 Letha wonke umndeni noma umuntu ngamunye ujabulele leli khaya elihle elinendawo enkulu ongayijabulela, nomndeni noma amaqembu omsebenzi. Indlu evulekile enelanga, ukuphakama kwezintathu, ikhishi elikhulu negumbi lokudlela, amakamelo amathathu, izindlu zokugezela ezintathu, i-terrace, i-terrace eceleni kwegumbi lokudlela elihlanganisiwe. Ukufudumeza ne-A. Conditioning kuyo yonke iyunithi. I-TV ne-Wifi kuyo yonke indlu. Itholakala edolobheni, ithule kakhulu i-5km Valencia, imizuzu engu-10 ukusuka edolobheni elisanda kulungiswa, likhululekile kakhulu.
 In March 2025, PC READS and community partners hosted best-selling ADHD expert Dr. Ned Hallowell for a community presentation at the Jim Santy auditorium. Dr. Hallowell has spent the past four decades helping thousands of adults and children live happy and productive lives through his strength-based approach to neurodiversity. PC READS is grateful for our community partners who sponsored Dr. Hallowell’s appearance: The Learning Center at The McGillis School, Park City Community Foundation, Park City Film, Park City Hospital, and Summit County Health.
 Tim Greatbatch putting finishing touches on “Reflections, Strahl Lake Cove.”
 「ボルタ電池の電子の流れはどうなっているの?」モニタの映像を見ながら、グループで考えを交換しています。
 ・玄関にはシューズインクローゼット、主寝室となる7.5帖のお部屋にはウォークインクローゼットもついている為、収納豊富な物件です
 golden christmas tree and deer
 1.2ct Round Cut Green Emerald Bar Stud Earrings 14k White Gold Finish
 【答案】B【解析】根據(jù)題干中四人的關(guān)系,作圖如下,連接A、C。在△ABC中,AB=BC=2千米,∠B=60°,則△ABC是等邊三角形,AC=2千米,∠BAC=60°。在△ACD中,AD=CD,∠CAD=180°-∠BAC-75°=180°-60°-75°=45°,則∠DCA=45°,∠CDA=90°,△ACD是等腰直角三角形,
...
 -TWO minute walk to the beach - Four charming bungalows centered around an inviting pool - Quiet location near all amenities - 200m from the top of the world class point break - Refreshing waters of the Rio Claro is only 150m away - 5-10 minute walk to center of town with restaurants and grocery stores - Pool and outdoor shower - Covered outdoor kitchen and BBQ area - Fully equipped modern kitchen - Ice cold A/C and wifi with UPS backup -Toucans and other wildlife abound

[WHAT IS BEING ASKED]
Please reproduce the lines from the line with "Letha wonke umndeni" to the line with "1.2ct Round Cut", both ends included, exactly as they appear above.

[EXERCISE OUTPUT]
 Letha wonke umndeni noma umuntu ngamunye ujabulele leli khaya elihle elinendawo enkulu ongayijabulela, nomndeni noma amaqembu omsebenzi. Indlu evulekile enelanga, ukuphakama kwezintathu, ikhishi elikhulu negumbi lokudlela, amakamelo amathathu, izindlu zokugezela ezintathu, i-terrace, i-terrace eceleni kwegumbi lokudlela elihlanganisiwe. Ukufudumeza ne-A. Conditioning kuyo yonke iyunithi. I-TV ne-Wifi kuyo yonke indlu. Itholakala edolobheni, ithule kakhulu i-5km Valencia, imizuzu engu-10 ukusuka edolobheni elisanda kulungiswa, likhululekile kakhulu.
 In March 2025, PC READS and community partners hosted best-selling ADHD expert Dr. Ned Hallowell for a community presentation at the Jim Santy auditorium. Dr. Hallowell has spent the past four decades helping thousands of adults and children live happy and productive lives through his strength-based approach to neurodiversity. PC READS is grateful for our community partners who sponsored Dr. Hallowell’s appearance: The Learning Center at The McGillis School, Park City Community Foundation, Park City Film, Park City Hospital, and Summit County Health.
 Tim Greatbatch putting finishing touches on “Reflections, Strahl Lake Cove.”
 「ボルタ電池の電子の流れはどうなっているの?」モニタの映像を見ながら、グループで考えを交換しています。
 ・玄関にはシューズインクローゼット、主寝室となる7.5帖のお部屋にはウォークインクローゼットもついている為、収納豊富な物件です
 golden christmas tree and deer
 1.2ct Round Cut Green Emerald Bar Stud Earrings 14k White Gold Finish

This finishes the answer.